━━━━━ EXERCISE DATA ━━━━━

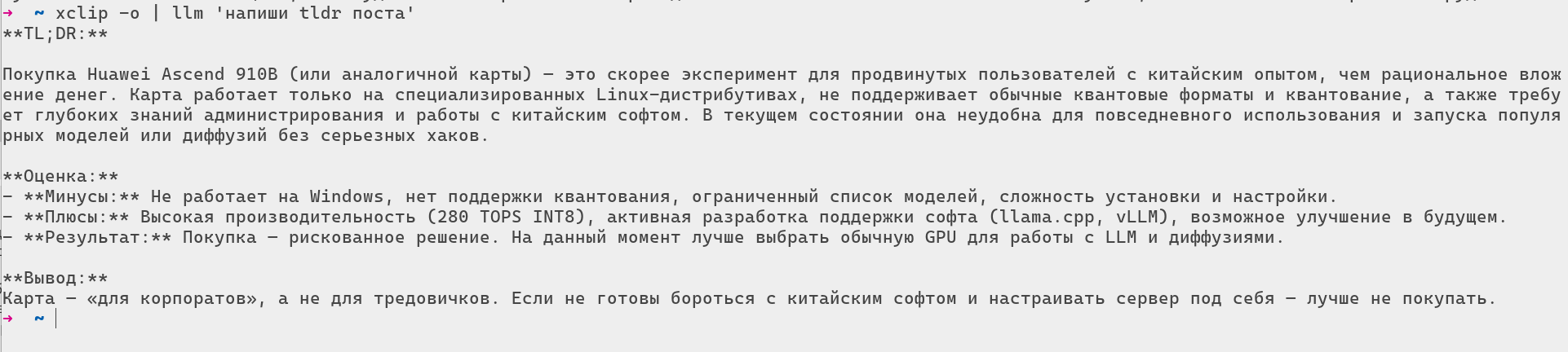Сей поток словестного поноса будет направлен на выводы по карточке, которую я с дуру купил за 136к рублей, когда повёлся на хайповые заголовки. Я сразу скажу, что я не думал перед покупкой, при покупке, да и после покупки у меня достаточно пустая голова, однако я сейчас поделюсь с вами информацией(а так же некоторыми цифрами), что эта карта могёт. Данный пост так же будет продублирован в SD тред, т.к. диффузии на карте тоже запускались и в LLM тред, т.к. языковые тоже, это общий вывод по железке. Для начала стоит сказать, что я нашёл людей, для которых создана эта карта, вам понадобится: купить сервер Kungpeng 200 на арм чипах 910, купить 4 таких карты что бы забить все слоты в райзерах. Суммарно на это у вас уйдёт около 1.5 миллиона рублей, быть житель материковый китай нефритовый стержень удар, что бы качать без заёбов себе драйвера, тулкиты, пакеты для деплоя, квантов и прочего, кроме того вам нужно иметь прямые руки, понимать в администрировании, девопсе и по хорошему говорить на китайском языке уверенно, что бы читать форумы Ascend. Для меня, пропитого эникея работа с картой была задачей со звёздочкой, хотя большую часть времени я вообще не то, что должен был. Если хотя бы по одному из пунктов вы проскакиваете, то вам не стоит покупать данную карту, ибо она сделана корпоратами для корпоратов, её тыкают в сервера умного видеонаблюдения, для ML(она умеет например в YOLOVv8 в 100фпс) и прочего. Теперь все подводные камни для тредовичков: 1)Не работает на винде. Вообще, даже WSL нет смысла пытаться, поддерживается на полутора дестрибутивах, ну хотя бы есть привычная ебунта LTS в списках, остальное это всякие эйлеры, кайлины, хуйлуны и пр. 2)Не поддерживает квантование. В теории оно умеет специальные кванты разработанные Ascend, на практике можно про это забыть, поддержка квантования сейчас крайне ограничена. Даже привычных легаси форматов типа Q4_0 нет. ТОЛЬКО FP16(BF16 тоже нет) 3)Поддерживает полторы модели. На данный момент поддерживает хуй да нихуя моделей, мало того почти все модели на которые хуавей говорит 100% будет работать - это 0.6-8В лоботомиты квена, даже ~80B квены старые и новые хуй. На практике чуть-чуть иначе, но всё ещё не сильно хорошо. Про запуск шизотюнов можете забыть. 4)Достать софт - боль моя дырка задница. Сразу покупайте виртуалку с пекинским айпи или запрягайте вашего продавца предоставить вам ваш необходимый для работы с картой софт, я выбрал второе. 5)Разумеется как проф карта она идёт без активного охлада и переходников для запуска на обычной пеке. Плюсы есть? Ну в теории есть, я даже выделил парочку: 1)Несмотря на то, что это по сути легаси говно 2022-го года выпуска на неё активно выпускают софт и обновления для поддержки. Буквально пол года назад я бы вообще нихуя не смог запустить на ней, сейчас есть хоть что-то. Учитывая. что рантайм для инференса MindIE от хуавея обновляется каждые 2-3 месяца(в этом месяце тоже должно выйти большое обновление), то через 3-6 месяцев этот пост вполне может перестать быть актуальным и появится значительная поддержка всего и вся под эту карту. Кроме того поддержку этой карты сейчас активно разрабатывают и развивают в llama.cpp, vLLM и прочих бекендах. Я успел пообщаться с разработчиком поддержки Ascend npu в llama.cpp, новости пока что удручающие, но работа кипит. 2)Пока что по сырым характеристикам эта карта ебёт всех своих конкурентов. 280 TOPS INT8, 96Гб памяти с 4
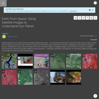 Satellite images help us to observe trends and to better understand our planet -- the rise and fall of water levels, the growth of urban centers, the path of forest fires. This teaching collection includes: 1) Earth From Space, a recorded online session with Andrew K. Johnson, a geographer at the National Air and Space Museum; 2) Reflections on Earth, a poster and lessons on how to use satellite images to investigate changes over time and how to use scale to calculate distance and area; 3) three sets of satellite images to practice these skills -- on flooding, urbanization, and forest fires; 4) a video about satellite technology, and 5) a video about an interactive globe (Tangible Earth).
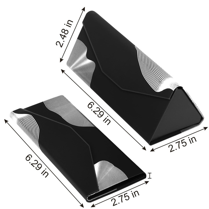 - Foldable Design:Triangular glasses case with magnetic folding design.Easy to store, can be folded into one piece when not in use.The magnetic closure design keeps the glasses case securely closed,and is easy to open and close.Stylish and protable, does not take up space, can be easily put into your purse or bag to carry and store. Perfect for daily use and traveling.
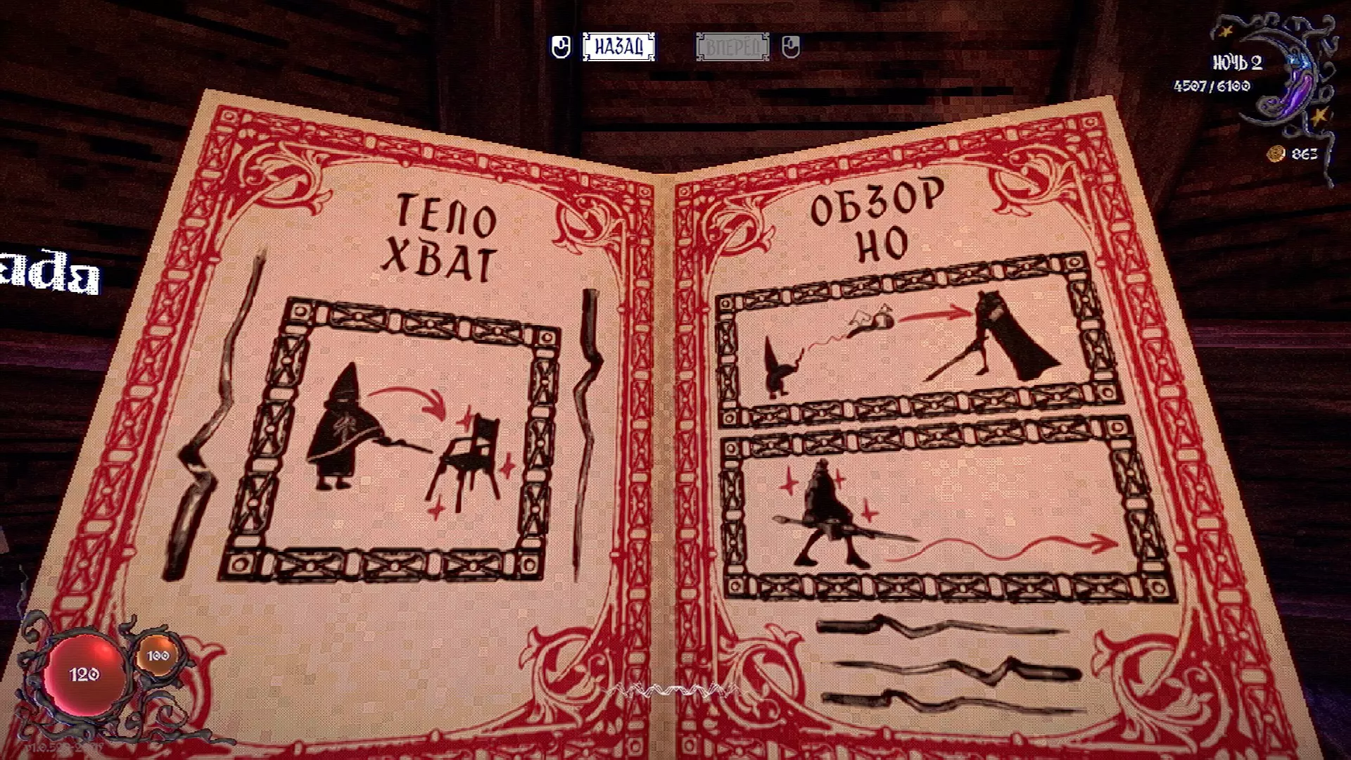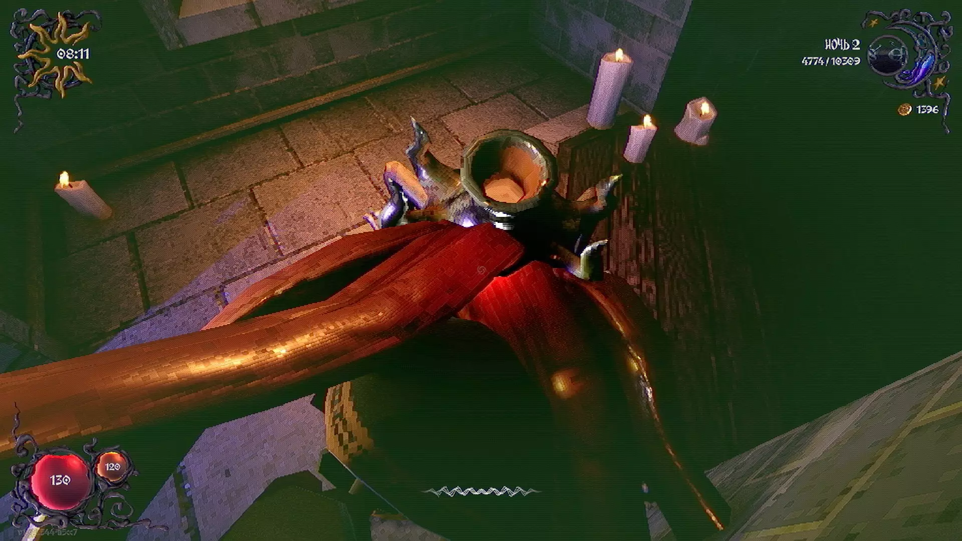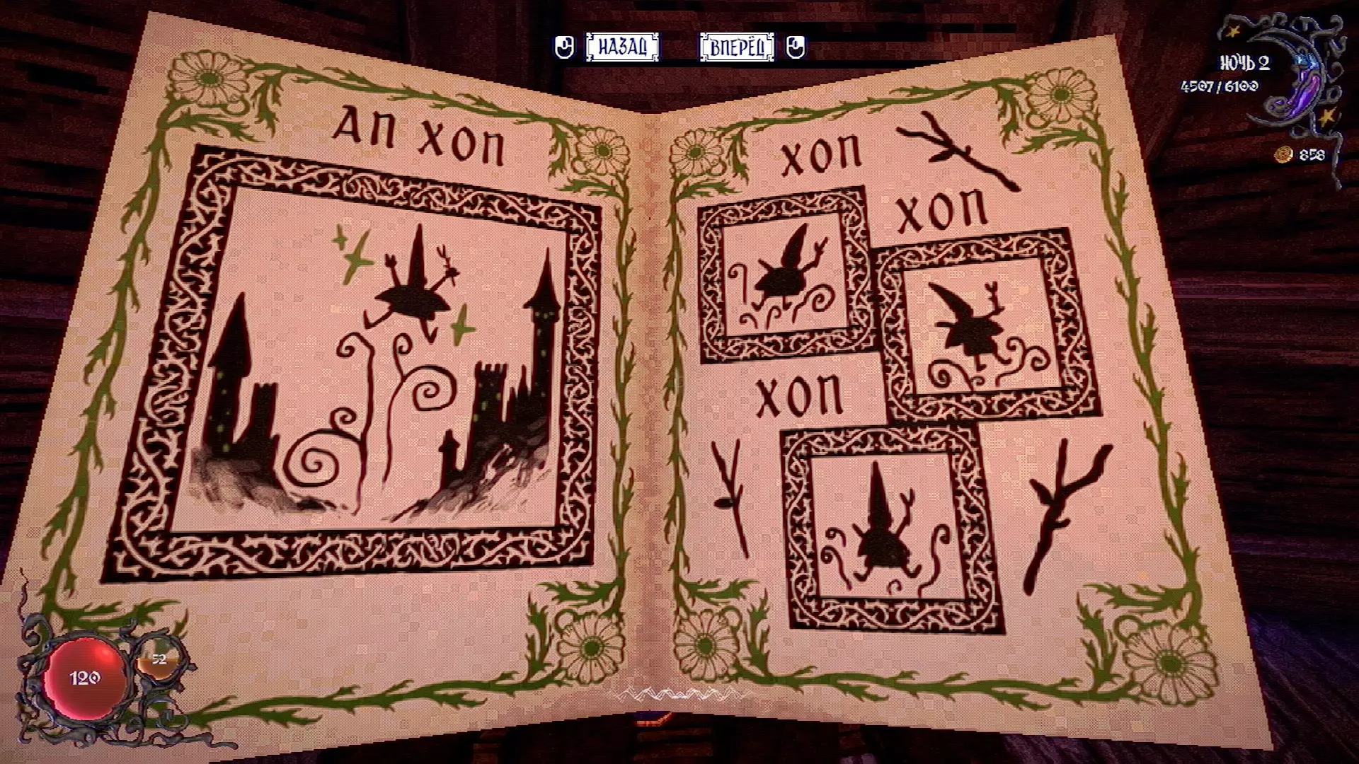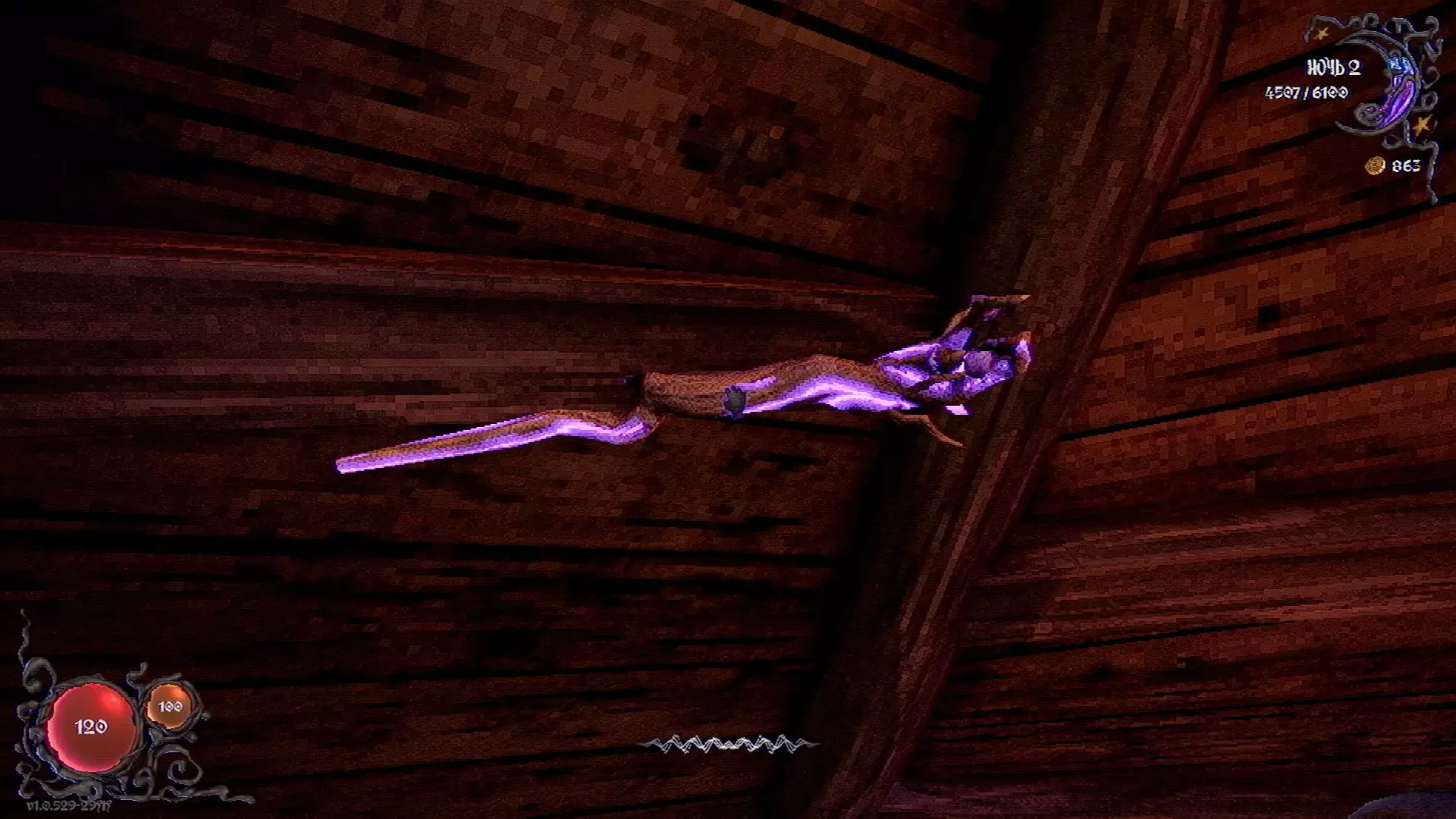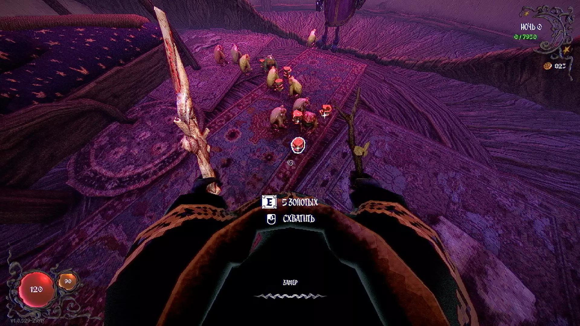 无法购买。通过在卫生间房间内完成试炼获得。 召唤锤子,锤子会造成伤害并破坏物体。 没有秘密。 补充说明:如果说“ХОРОШИЙ МАЛЬЧИК”,会触发抚摸动画。 在游戏文件中发现了用于火炬的“ФАКЕЛ”咒语,但未检测到其效果。此外,似乎还有火焰法杖的【火焰】法术,以及其他一些用于未知物品和法杖的法术。任务

━━━━━

## YOUR TASK
Your task is to write out, exactly and without pictures, only the lines from the one holding "- Foldable Design:Triangular" to the last line of the data.

## WRITTEN REPLY
 - Foldable Design:Triangular glasses case with magnetic folding design.Easy to store, can be folded into one piece when not in use.The magnetic closure design keeps the glasses case securely closed,and is easy to open and close.Stylish and protable, does not take up space, can be easily put into your purse or bag to carry and store. Perfect for daily use and traveling.
 无法购买。通过在卫生间房间内完成试炼获得。 召唤锤子,锤子会造成伤害并破坏物体。 没有秘密。 补充说明:如果说“ХОРОШИЙ МАЛЬЧИК”,会触发抚摸动画。 在游戏文件中发现了用于火炬的“ФАКЕЛ”咒语,但未检测到其效果。此外,似乎还有火焰法杖的【火焰】法术,以及其他一些用于未知物品和法杖的法术。任务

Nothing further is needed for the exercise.